Tunehakwa Bay: 34 S, 302 E
A squarish bay 200 km wide, with a narrow mouth, in northeast Themis, between long Cape Tamiyo and the small Tunehakwa Peninsula to the east; the name comes from low Tunehakwa Corona to the south, toward Mt. Tefnut.
Turan Plateau: 13 S, 117 E
Turan Planum (Plateau) is east of Thetis, in north-central Aphrodite. It's a small highland between Ovda to the west and Thetis proper, cut off by the Ralk Desert and two deep, lake-filled chasmas: Jana and Virava. Turan, like Thetis, is an ecological island--aspen and fir and alpine meadows above the rugged dry canyons and finger lakes of the chasmas. Even the coastal Bonnan Steppe north of Turan is dry; prevailing winds here blow from the mountains and inland deserts, not the sea.

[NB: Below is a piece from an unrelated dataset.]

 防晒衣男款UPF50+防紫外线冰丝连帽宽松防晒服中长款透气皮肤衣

Cape Tureshmat: 55 S, 305 E
A narrow cape 400 km long, pointing south into Lavinia Sea from southeast Themis. From its tip, the Gerd Islands stretch another 1000 km to western Lada and Neringa. Rainforest covers the cape, growing gigantic in the Bibi-Patna Hills on the Themis mainland.
Tushita Islands: 40 S, 48 to 55
The Tushitas are a stretch of ridgy tessera 450 km long, rising from the sea between the archipelagoes of Alpha and Lada, south of Umay-Ene. Tushita's hot and so densely rainforested that the jungle tends to hide the regular pattern of ridges. Tushita may be one huge island with two lobes linked by a narrow landbridge, or two islands with a strait you could jump over--the whole thing is so smothered in jungle I'm not sure.

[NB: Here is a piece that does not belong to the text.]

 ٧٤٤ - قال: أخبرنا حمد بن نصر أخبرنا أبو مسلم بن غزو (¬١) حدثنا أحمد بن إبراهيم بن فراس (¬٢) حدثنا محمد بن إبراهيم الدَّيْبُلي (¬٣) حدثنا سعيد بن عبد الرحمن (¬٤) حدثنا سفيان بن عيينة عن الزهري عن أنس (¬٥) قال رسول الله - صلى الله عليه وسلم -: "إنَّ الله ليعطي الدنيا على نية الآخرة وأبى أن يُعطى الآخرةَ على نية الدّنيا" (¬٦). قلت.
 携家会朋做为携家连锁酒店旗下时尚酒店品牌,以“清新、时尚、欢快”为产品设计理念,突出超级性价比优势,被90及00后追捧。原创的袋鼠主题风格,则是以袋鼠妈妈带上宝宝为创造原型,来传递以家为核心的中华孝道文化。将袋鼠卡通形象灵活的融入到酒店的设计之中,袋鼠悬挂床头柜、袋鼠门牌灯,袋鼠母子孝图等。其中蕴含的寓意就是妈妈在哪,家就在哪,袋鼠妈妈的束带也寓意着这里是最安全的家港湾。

Tusholi Hills: 68 N, 100 E
The central range on Meskhent, east of Ishtar. Unlike the lower, Mediterranean north, the Tusholis catch enough rain for pine and even redwood in western valleys. South of the hills rise the long Gabie Cliffs, bisecting Meskhent. West of the Tusholis is the island-studded Sea of Ops; to the east, Earhart Bay.
Lake Tussaud: 24 N, 225 E
A narrow north-south lake, 160 km long, in south-central Ulfrun (east Aphrodite), nestled in one of the Fea Fossae. The shores are open woods; the surrounding ridges are cloud forest and seasonal rainforest. Just to the north, in a valley angling slightly west, is much larger Lake Fea.
Tuulikki: 9 N, 272 E
South of Beta, north of Phoebe, in the center of Hinemoa Bay, is volcanic Tuulikki Island, the size of Sicily. Unlike larger Aruru Corona to the west, Tuulikki has a forested central peak, but they both have a mild climate with wooded north and west coasts, savanna on the south, and a small desert on its eastern slope--all packed into one-sixth the area of Aruru. Despite being close to Beta and Phoebe, Tuulikki is little visited, for a moat of deep water 800 km wide surrounds it--no easy flyways.
Tuzandi Island: 42 S, 42 E
A lone mountain rising from the sea between the archipelagoes of Alpha and Lada, southeast of the isle ofInanna. Tuzandi's a rest stop for fliers between Alpha and Lada. It's in the torrid zone, and its slopes are densely rainforested.